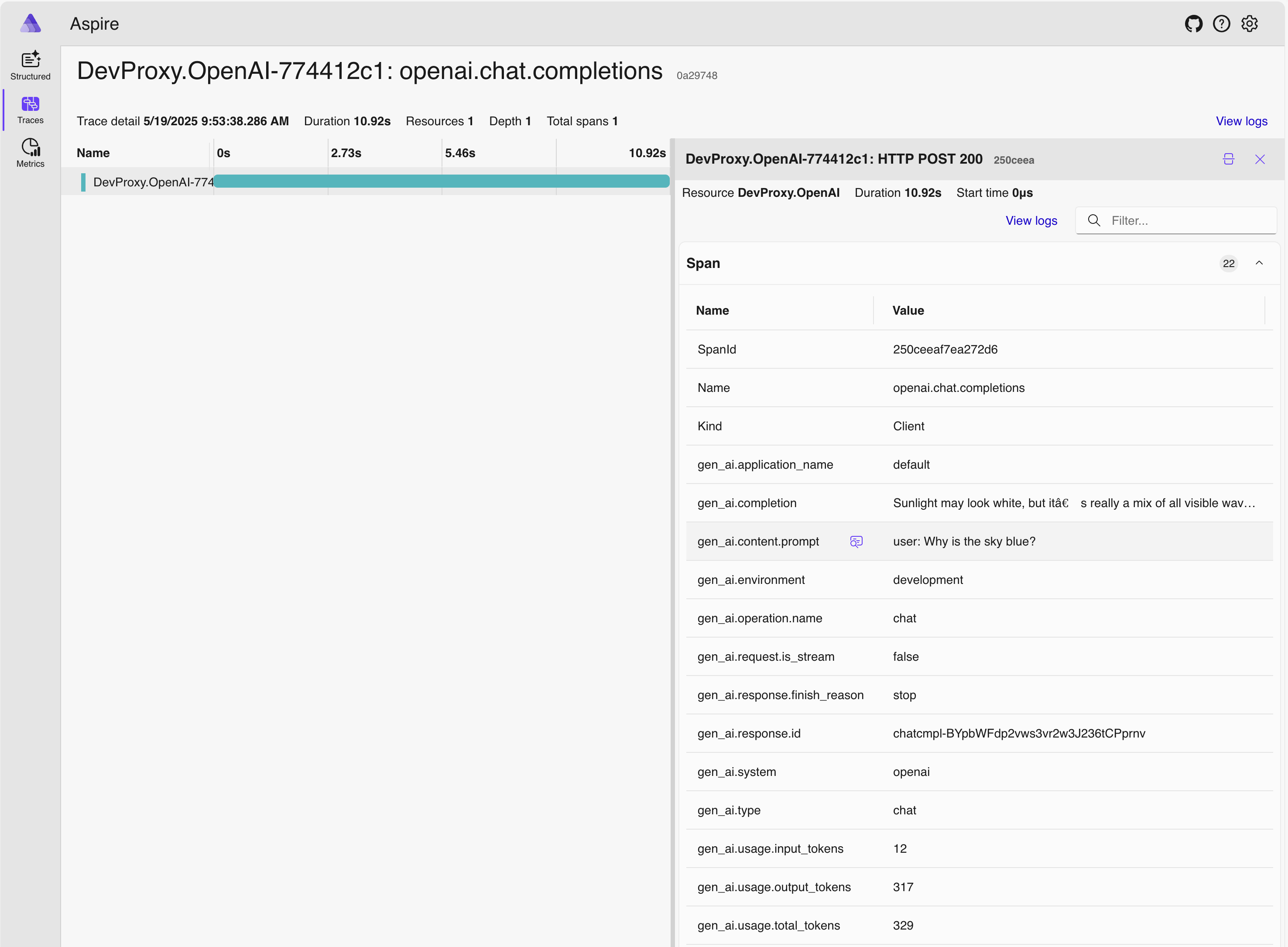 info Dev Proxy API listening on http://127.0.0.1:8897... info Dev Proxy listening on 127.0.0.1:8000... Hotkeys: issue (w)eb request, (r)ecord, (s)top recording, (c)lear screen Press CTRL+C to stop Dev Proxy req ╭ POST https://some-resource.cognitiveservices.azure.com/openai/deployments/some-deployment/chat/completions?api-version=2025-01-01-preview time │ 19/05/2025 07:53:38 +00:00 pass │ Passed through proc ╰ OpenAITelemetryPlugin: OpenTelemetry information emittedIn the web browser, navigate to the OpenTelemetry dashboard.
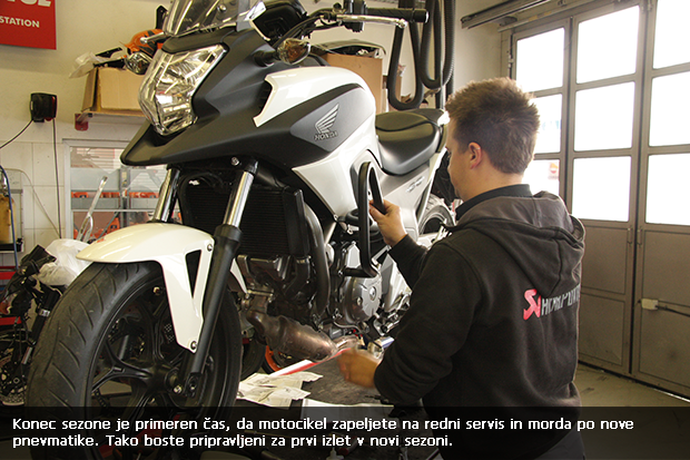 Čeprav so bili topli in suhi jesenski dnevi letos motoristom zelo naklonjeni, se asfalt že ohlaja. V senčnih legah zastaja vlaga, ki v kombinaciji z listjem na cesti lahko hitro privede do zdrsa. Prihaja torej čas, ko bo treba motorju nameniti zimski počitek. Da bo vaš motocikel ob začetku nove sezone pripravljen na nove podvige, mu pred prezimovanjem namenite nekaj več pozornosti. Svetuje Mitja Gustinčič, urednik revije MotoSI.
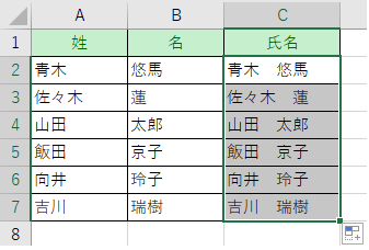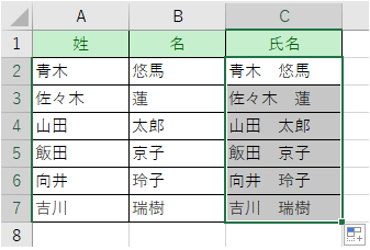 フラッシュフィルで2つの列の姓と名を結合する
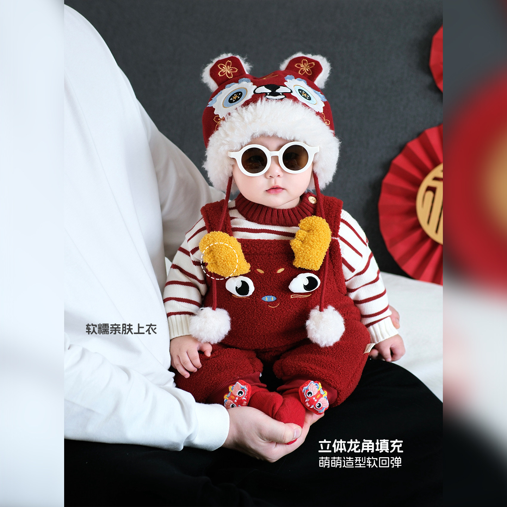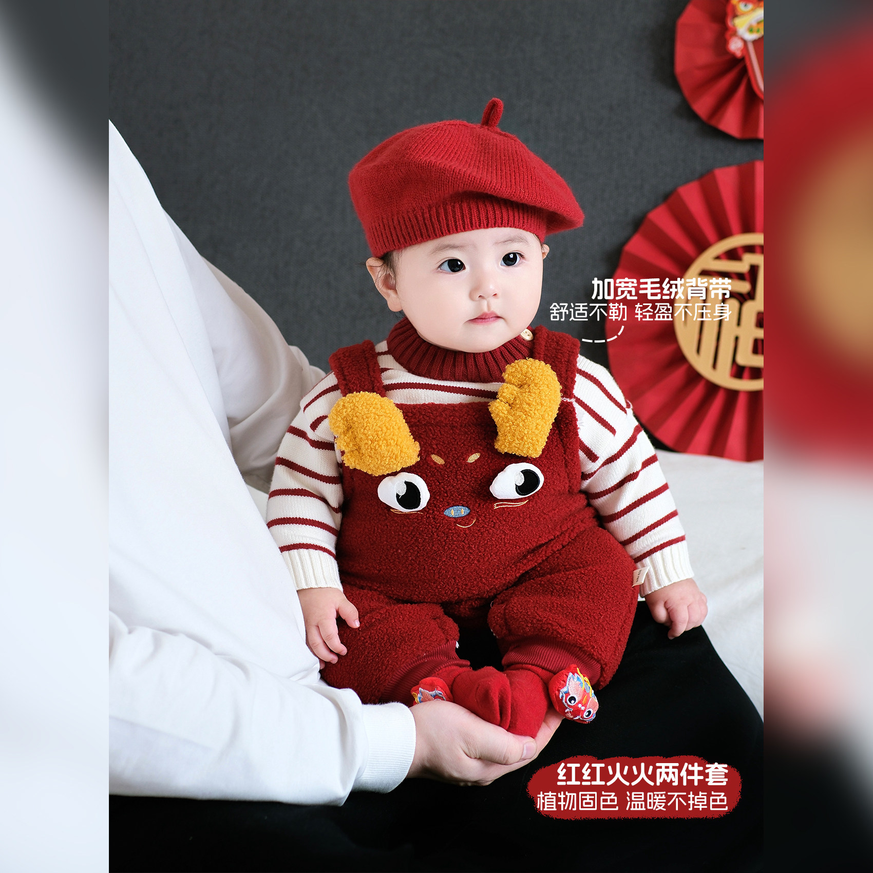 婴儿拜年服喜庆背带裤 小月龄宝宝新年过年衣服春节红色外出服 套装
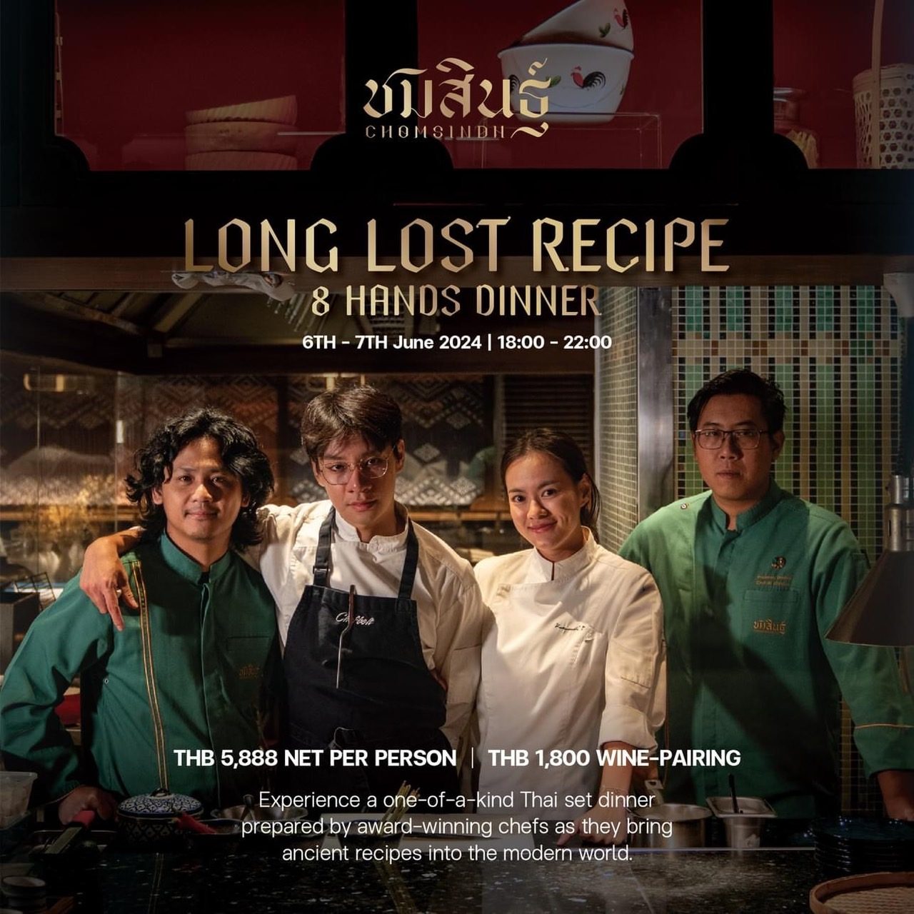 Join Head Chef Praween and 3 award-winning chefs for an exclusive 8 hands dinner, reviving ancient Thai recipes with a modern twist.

____

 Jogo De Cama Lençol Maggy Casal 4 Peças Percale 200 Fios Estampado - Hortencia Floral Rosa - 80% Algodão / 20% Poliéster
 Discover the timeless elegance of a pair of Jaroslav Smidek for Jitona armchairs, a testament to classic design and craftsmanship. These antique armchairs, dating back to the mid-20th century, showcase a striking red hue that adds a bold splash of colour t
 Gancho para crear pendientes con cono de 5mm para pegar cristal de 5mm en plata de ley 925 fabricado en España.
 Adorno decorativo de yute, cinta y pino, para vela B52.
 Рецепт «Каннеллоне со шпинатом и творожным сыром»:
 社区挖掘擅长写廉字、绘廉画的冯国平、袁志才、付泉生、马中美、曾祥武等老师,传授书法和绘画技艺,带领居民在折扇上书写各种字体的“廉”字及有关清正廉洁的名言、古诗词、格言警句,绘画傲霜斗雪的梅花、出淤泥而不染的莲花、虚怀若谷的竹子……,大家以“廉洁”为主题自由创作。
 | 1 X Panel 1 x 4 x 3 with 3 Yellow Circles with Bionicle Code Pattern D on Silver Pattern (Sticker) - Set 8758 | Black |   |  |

____

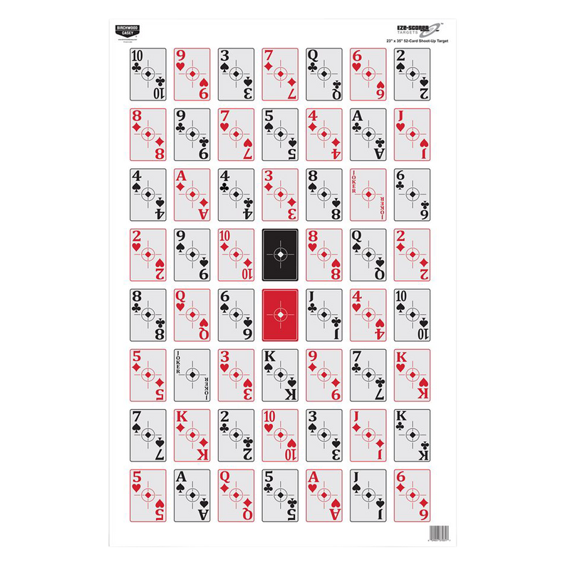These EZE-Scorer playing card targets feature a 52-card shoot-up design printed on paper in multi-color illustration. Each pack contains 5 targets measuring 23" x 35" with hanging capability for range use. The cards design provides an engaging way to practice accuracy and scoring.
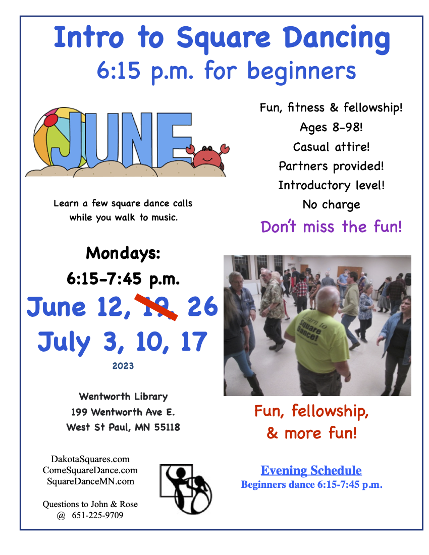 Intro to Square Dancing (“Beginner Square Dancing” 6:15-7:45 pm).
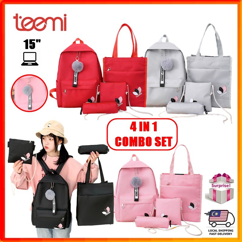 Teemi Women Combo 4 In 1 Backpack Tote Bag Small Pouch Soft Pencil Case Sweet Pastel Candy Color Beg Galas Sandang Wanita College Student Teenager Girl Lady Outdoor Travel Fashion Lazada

____

Required action: Using the data above, return the lines from the one holding "Intro to Square" through the one holding "Teemi Women Combo" exactly, but not the pictures.

Exercise output:
 Intro to Square Dancing (“Beginner Square Dancing” 6:15-7:45 pm).
 Teemi Women Combo 4 In 1 Backpack Tote Bag Small Pouch Soft Pencil Case Sweet Pastel Candy Color Beg Galas Sandang Wanita College Student Teenager Girl Lady Outdoor Travel Fashion Lazada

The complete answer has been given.